_EXERCISE DIRECTIONS:_ Restate the full listing word for word and leave the pictures out.

(DATA PROVIDED begins)

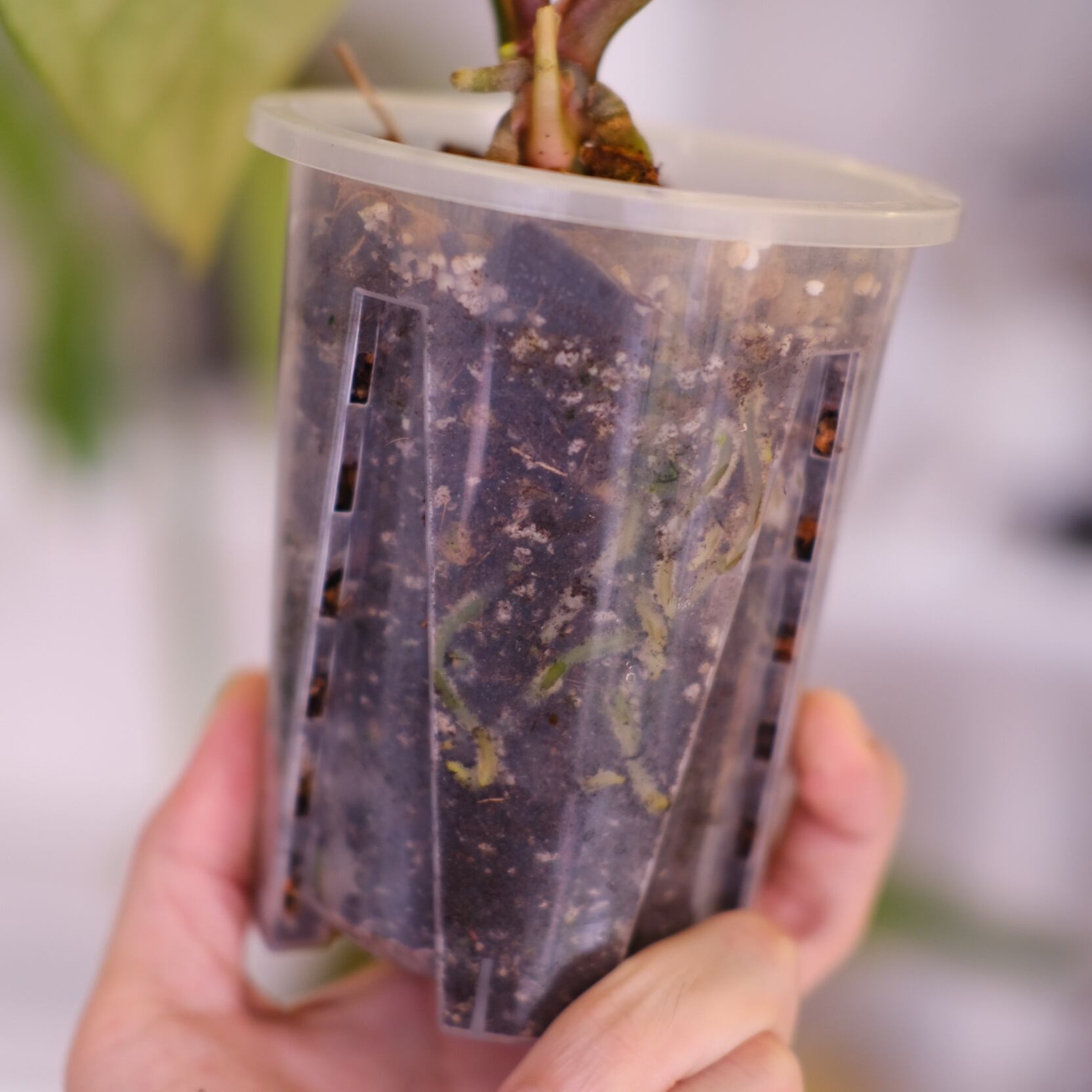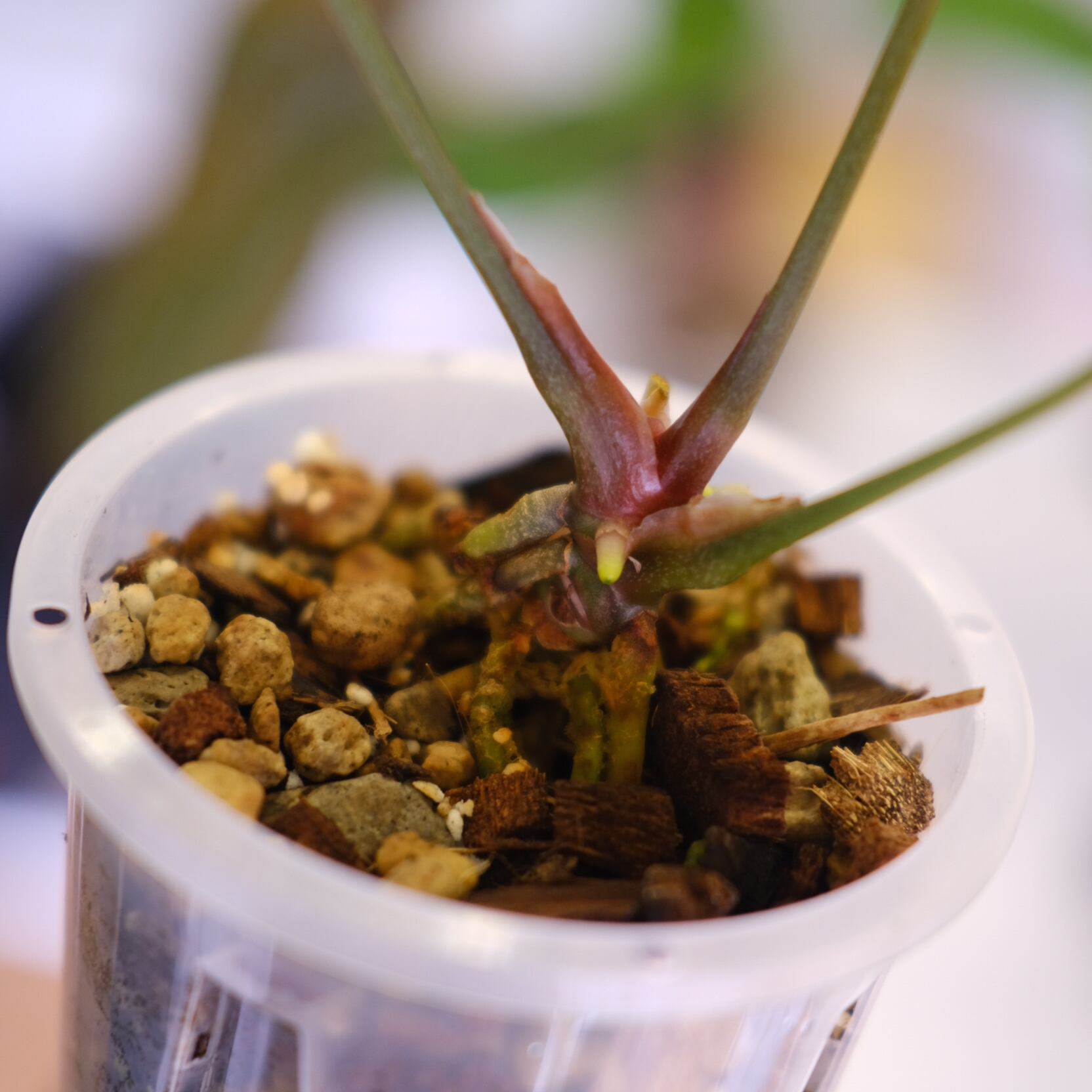 tokyoplantsオリジナルブレンドのI'm original SOILを使用。ココチップ、日向石、発酵樹皮、ミミズ堆肥など6種の天然素材をバランスよく配合し、通気性と保水性を両立。着生根の酸素供給を妨げず、健康な根張りを促します。
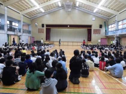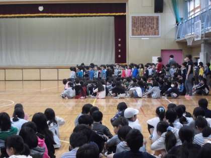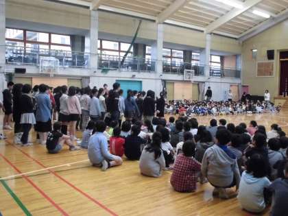今日の音楽朝会は、校歌を歌いました。歌う前に校歌クイズがありました。校歌の中に使われている言葉に続けて、正しい言葉を言うクイズです。学年毎の質問に上手に答える子どもたち。新しくいらした先生にも問題が出されましたが、皆さん正解でした。その後、1年生に聞かせるために、学年ごとに校歌を歌います。最後は1年生。しっかり覚えて元気な歌声を聞かせてくれました。
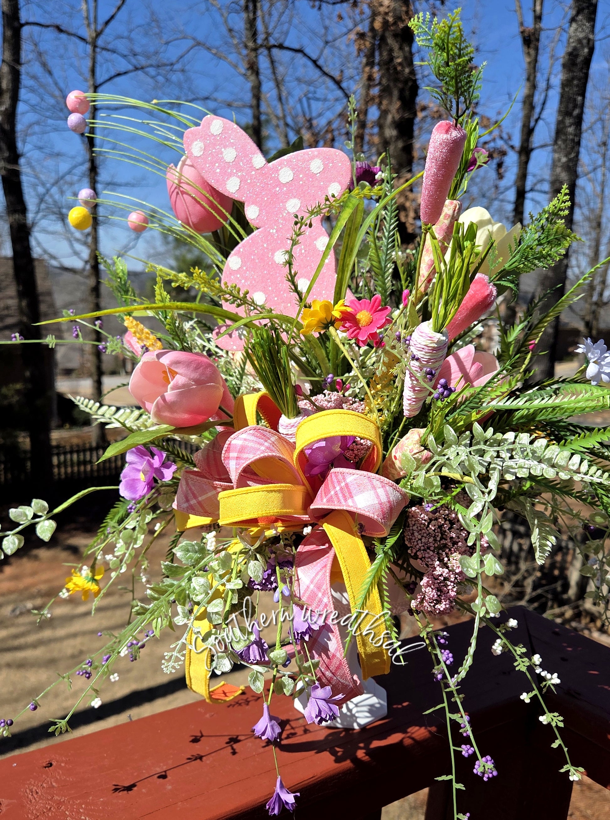 Bright pops of yellow, cheerful pinks, and designer ribbon create that perfect blend of fun and upscale Southern style. From the sweet velvet carrots to the airy trailing greenery, every angle is full, layered, and made to be noticed.

(DATA PROVIDED ends)

_THE COMPLETED TASK:_
 tokyoplantsオリジナルブレンドのI'm original SOILを使用。ココチップ、日向石、発酵樹皮、ミミズ堆肥など6種の天然素材をバランスよく配合し、通気性と保水性を両立。着生根の酸素供給を妨げず、健康な根張りを促します。
今日の音楽朝会は、校歌を歌いました。歌う前に校歌クイズがありました。校歌の中に使われている言葉に続けて、正しい言葉を言うクイズです。学年毎の質問に上手に答える子どもたち。新しくいらした先生にも問題が出されましたが、皆さん正解でした。その後、1年生に聞かせるために、学年ごとに校歌を歌います。最後は1年生。しっかり覚えて元気な歌声を聞かせてくれました。
 Bright pops of yellow, cheerful pinks, and designer ribbon create that perfect blend of fun and upscale Southern style. From the sweet velvet carrots to the airy trailing greenery, every angle is full, layered, and made to be noticed.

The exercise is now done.